Broadcom & NVIDIA expand AI in private clouds with VCF boost
Broadcom announced a collaboration with NVIDIA to bring the latest NVIDIA AI technology to VMware Cloud Foundation (VCF), enhancing AI capabilities within private cloud environments for enterprises and cloud service providers.
The partnership aims to enable customers to build, deploy, and scale advanced AI models on modern AI servers while maintaining the operational workflows and enterprise-grade features provided by VCF. The focus is on supporting generative, agentic, and physical AI applications that are significantly shaping and transforming data centre infrastructure requirements.
Broader NVIDIA support
This integration extends Broadcom's longstanding work with NVIDIA, now including support for NVIDIA's new Blackwell Architecture GPUs, such as the NVIDIA RTX PRO 6000 Server Edition GPUs. The collaboration also incorporates NVIDIA networking components to deliver wider options for accelerated computing solutions. These updates are intended to increase flexibility and operational efficiency for AI workloads in private clouds.
The expanded offerings will also enhance the jointly developed VMware Private AI Foundation with NVIDIA, providing a platform for organisations to utilise the latest NVIDIA advancements with their existing enterprise systems.
"Our customers want the freedom to innovate with AI while continuing to rely on the enterprise platforms they trust," said Paul Turner, Vice President of Products, VMware Cloud Foundation Division, Broadcom. "Our partnership with NVIDIA delivers exactly that – enabling organizations to build, deploy and scale AI workloads alongside their existing applications without compromising on performance, efficiency, availability or operational simplicity. It's about blending cutting-edge AI innovation with the enterprise-grade reliability and manageability for which VCF is known."
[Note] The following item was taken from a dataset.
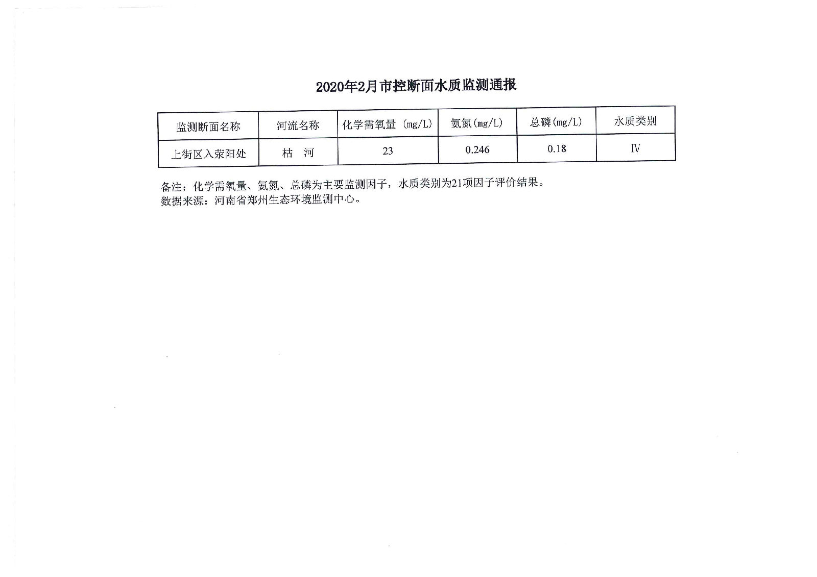 2020年2月市控断面水质监测通报

Justin Boitano, Vice President of Enterprise AI at NVIDIA, added his perspective on the demand generated by new AI technologies:
"The emergence of generative AI is driving the need for a new level of accelerated computing infrastructure. With NVIDIA networking technology and Blackwell GPUs, enterprises can build and deploy powerful AI applications directly within their existing private cloud, using the full capabilities of the NVIDIA platform in combination with VMware Cloud Foundation."
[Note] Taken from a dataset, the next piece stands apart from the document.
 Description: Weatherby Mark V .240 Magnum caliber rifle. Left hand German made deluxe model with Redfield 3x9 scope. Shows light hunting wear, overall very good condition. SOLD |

Key technical integrations
Support for the NVIDIA Blackwell Architecture GPUs is a central element of the integration. These GPUs are designed for large-scale AI training, inference, and high-performance computing. The update specifically includes support for the NVIDIA RTX PRO 6000 Server Edition GPUs, targeted at enterprises that require efficient handling of both virtual desktop infrastructure (VDI) and AI workloads.
Future releases will introduce support for NVIDIA Blackwell B200 GPUs, designed to deliver high performance for AI and high-performance computing (HPC) applications at scale.
In terms of networking, VCF will soon support NVIDIA ConnectX-7 network interface cards and BlueField-3 400G DPUs, using DirectPath I/O. This setup will enable customers to utilise advanced capabilities, including NVIDIA GPUDirect RDMA and GPUDirect Storage, which are essential for multi-node AI model training and large-scale data transfer, particularly relevant for generative AI use cases.
Operational continuity
A key aspect of the collaboration is maintaining VCF's core operational features, even as new hardware is introduced. Customers will be able to deploy NVIDIA technologies such as HGX servers without disrupting existing workflows or enterprise virtualisation capabilities. Features like vMotion, High Availability (HA), Distributed Resource Scheduler (DRS), and Live Patching remain intact, supporting both traditional enterprise applications and demanding AI or machine learning workloads within the same environment.
This approach aims to provide organisations with a flexible platform to manage a variety of computing needs on-premises while using familiar operational practices. The preservation of these enterprise capabilities is intended to reduce barriers for customers considering the adoption of advanced AI technologies within their private data centres.
Future outlook
The ongoing integration benefits VCF customers by increasing the range of available NVIDIA hardware and features, thereby expanding their options for building AI-optimised private cloud infrastructure. The upcoming support for the latest GPUs and networking components is expected to improve further efficiency and performance for companies employing data-intensive AI and HPC workloads.
The companies jointly emphasise that these enhancements will enable enterprises to run AI, machine learning, and traditional workloads concurrently, maintaining operational simplicity and reliability at scale.